Canje de Barajitas Internacional: Cuando los poderosos se reparten el mundo
Un acuerdo global empieza a tomar forma: las potencias negocian en Suiza la “paz” en Ucrania mientras mueven piezas en América Latina. Venezuela se convierte en una ficha de intercambio, y Ucrania en el sacrificio. El mundo vuelve a repartirse como cromos.
Me despierto con los comentarios del periodista David Placer sobre esta noticia: un canje de barajitas por parte de las potencias, de los imperios en juego, mediante los acuerdos en Suiza para la paz en Ucrania, a los que asisten el secretario de Estado de Estados Unidos, Marco Rubio, y el secretario de Defensa, Pete Hegseth, colaborando para la adecuada realización del proceso que favorecerá a Rusia. Me despierto con la noticia y, de forma sorpresiva, me impacta. Sorpresiva porque, aunque ya conocía este posible intercambio-pacto tras bastidores desde hace meses, escuchado por primera vez de Julio Coco en alguno de sus “Betas políticos”, “verlo” fraguarse te adentra en lo que significa, lo que implica: como si compartiéramos celda —un cautiverio hostil y arbitrario de la mano de la historia común que nos emparenta— y, de pronto, se abriera la puerta, dejando salir a uno. Venezuela puede salir. Ucrania se queda. Ucrania será desmembrada, serán repartidas sus partes, y se esparcirá la futilidad y su desgarro. Venezuela puede salir, a costa de Ucrania. Y se siente, de alguna manera, terrible, injusto, más aún, ácido, corrosivo, cargado de una impotencia extraña.
Por sincronicidad del momento, me encuentro leyendo Kairos, de Jenny Erpenbeck, y me es inevitable recordar este párrafo leído hace poco:
«Resucitados entre ruinas, piensa Hans en la letra, que todavía era válida cuando tenía la misma edad que tiene ella ahora. Al futuro consagrados. Por el bien te servimos, patria alemana unificada. El sueño de una Alemania unificada se acabó para el Oeste en el 52, con los pactos de París.

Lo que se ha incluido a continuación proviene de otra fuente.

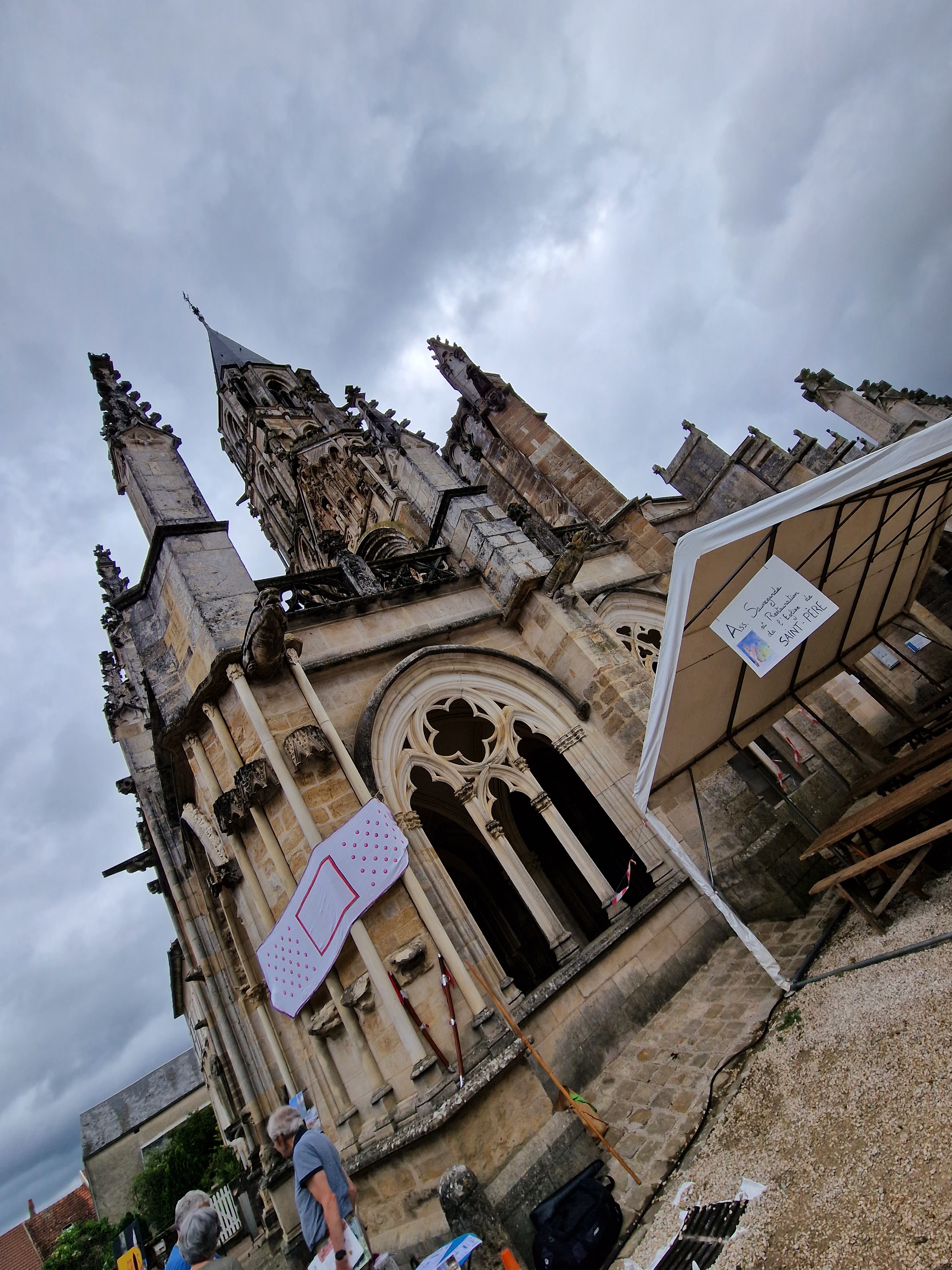 Située au pied de la colline éternelle de Vézelay dans le petit village de Saint-Père, cette église est un joyau de l'art gothique Bourguignon (1240-1455) et un impressionnant vaisseau de pierres qui détache sa haute silhouette à 50m de hauteur. Son majestueux clocher du 18ème siècle est décoré, à ses quatre coins, d'anges musiciens. Sur un porche à trois portails, le fronton est lui aussi remarquable. Cet édifice harmonieux est d'une surprenante beauté. Cependant un regret voire une frustration....de n'avoir pu visiter l'intérieur de cette merveille pour cause de fermeture.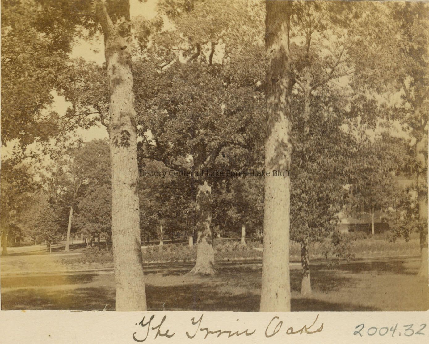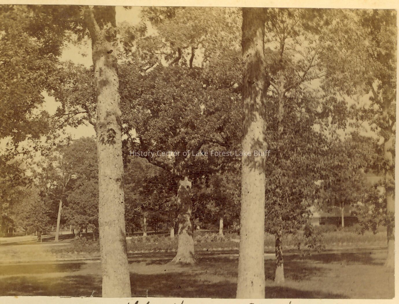 Oak trees on the lawn of the McClure Manse Gienhame (McClure Manse) 487 East Walnut Road, Lake Forest Rev. James G. K. McClure; Cobb & Frost 1885 photo is mounted on an album page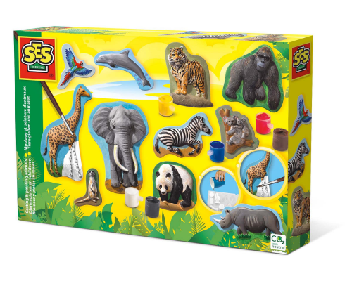 Met deze set van SES maak je 11 dieren van gips. Giet het gips in de mal, laat het drogen en verf het zoals je het zelf leuk vindt. Zo maak je eenvoudig je eigen dierentuin dieren: olifant, dolfijn, zebra, tijger, gorilla, papegaai, neushoorn, panda, koal

Y, para bien o para mal, también para el Este».
Y los pactos de las potencias me llevan a otra sincronicidad, a los del video de la unificación de Italia que veía la noche anterior. El canal de YouTube de Franceschi, dedicado a la divulgación de procesos históricos con una perspectiva geopolítica, había lanzado hacía pocos días esta aproximación al Risorgimento y coincidió mi elección —para acompañar la cena del domingo— con la noticia del día siguiente.
En medio de los acontecimientos que se venían desencadenando en este proceso de unificación, comenta Franceschi, Rusia propuso organizar una conferencia para resolver la cuestión italiana, a la que invitó a Francia, Austria, Reino Unido y Prusia, dejando por fuera a Cerdeña, que protestó ante Napoleón III, quien pidió su lugar en el congreso. Al menos hubo una entidad que atendió este reclamo; de este modo no quedó por fuera la parte del conflicto sobre la que se realizaban los acuerdos, como sí ocurriría con el infame Acuerdo de Múnich de 1938 entre Reino Unido, Francia, la Alemania nazi y la Italia fascista, quedando por fuera Checoslovaquia, país sobre el que se acordaba allí la anexión de parte de su territorio a Alemania, pasando a la historia como el pacto “sobre nosotros, sin nosotros”.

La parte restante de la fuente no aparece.